Additionally, in order for returning members of society to obtain relative stability and have the wherewithal to meet some of the higher human needs, such as developing suitable emotional relationships, fostering self-esteem needs, and ultimately, reaching self-actualization, the foundational necessities must be acquired. It isn’t feasible to expect exceptional performance in occupational or educational ventures when individuals are concerned with satiating hunger. In the same vein, returning members of society cannot fully focus on developing their prosocial or professional skills when there is nowhere to rest or sleep comfortably.
Therefore, when the word “success” is tossed around as a measure for justice-impacted individuals, most people are referring to self-actualization, or the fulfillment of one’s talent and potential — a task that requires first meeting those foundational needs. These precepts are the basis for Abram Maslow’s hierarchy of needs paradigm (1943). In his model, Maslow outlined how foundational needs influence higher needs, which are more associated with how the western culture defines “success.”

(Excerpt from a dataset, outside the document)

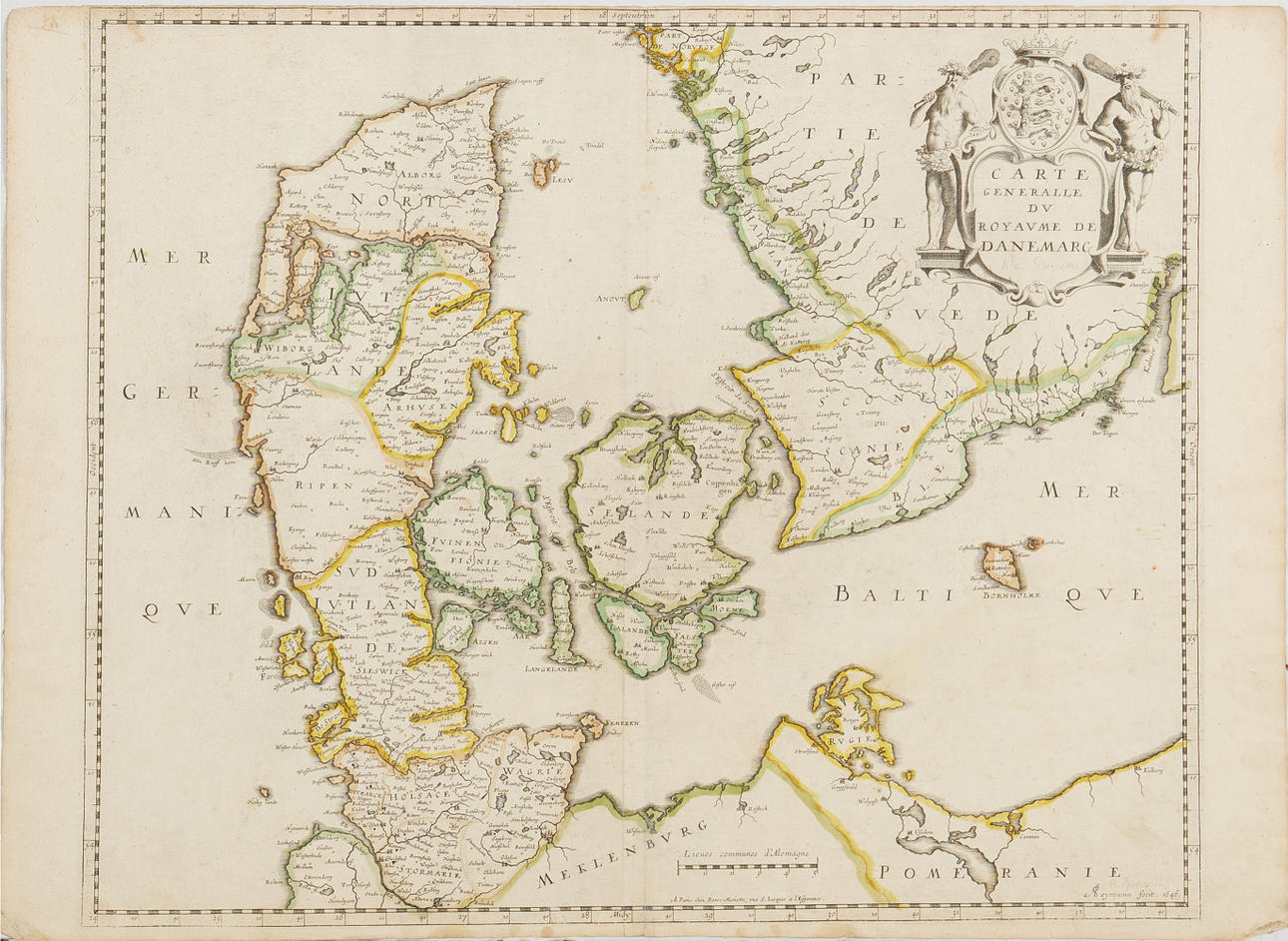MAPS DENMARK (4). Among other things Carte Generale du Royaume de Danemarc. Paris, Pierre Mariette, 1646.

Thus, it is unsurprising to hear that recidivism (or reoffending) occurs when people have nowhere to turn to for aid or support. Whether it is due to a lack of financial resources or a hold up with the maze of bureaucratic red tape that typifies social service aid, the lack of support muddles people’s prospects to reintegrate successfully. When people are unable to accrue enough to eat, are unable to access enough potable water, and/or barred from a residence, what other alternative is there but to turn to cultures of support that will heed their needs, albeit, at times, through illicit means? The lack of support for formerly incarcerated people’s needs invariably causes distress for both the individual and the general commonwealth.

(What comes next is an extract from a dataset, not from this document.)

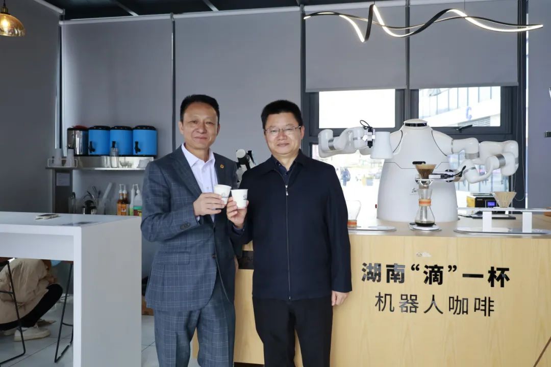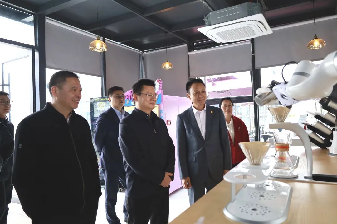 隨后,宋遠標(biāo)董事長陪同長壽區(qū)政府考察團移步機器人咖啡屋,正在沖泡咖啡的智能機器人,吸引了考察團的領(lǐng)導(dǎo)們駐足。

All of these facets are dramatically emphasized when it regards the formerly incarcerated community because this population has been so far removed from civil society that they return to a quasi-alien culture that is much different than the one they left. This unfortunate cultural dissonance is on full display for those who have served prolonged sentences. For these individuals, motivation may be high, but they lack the support necessary to successfully adopt free-world mores. In particular, these individuals have spent so much time away that family members may have passed away and relationships may have withered to the point of estrangement. They may feel isolated in a world that they don’t understand with minimal support to turn to, leading to feelings of deprivation, ostracization, and undesirability.
As a justice-impacted individual and social service provider, my first line of action when providing service to these individuals is to address housing, food, and financial insecurities. Only after these are resolved could fostering the development of higher needs be appropriate. Initially, the focus is on providing resources that encompass housing, monetary support (food stamps and other government aid), and employment/placement services, particularly services where there are minimal wait times and bureaucratic hurdles. The key is to provide individuals essential resources as soon as possible and to, ideally, teach them to ration and budget immediately for sustainability purposes.
As a consultant in the criminal justice sector, I often purport, advocate, and personally showcase the power of change and redemption. However, these favorable traits and inspiring outcomes are obscured when basic human needs are unmet, lacking, or non-existent. When foundational needs aren’t met, those beloved accounts of perseverance and the comeback stories we long to hear are not feasible results.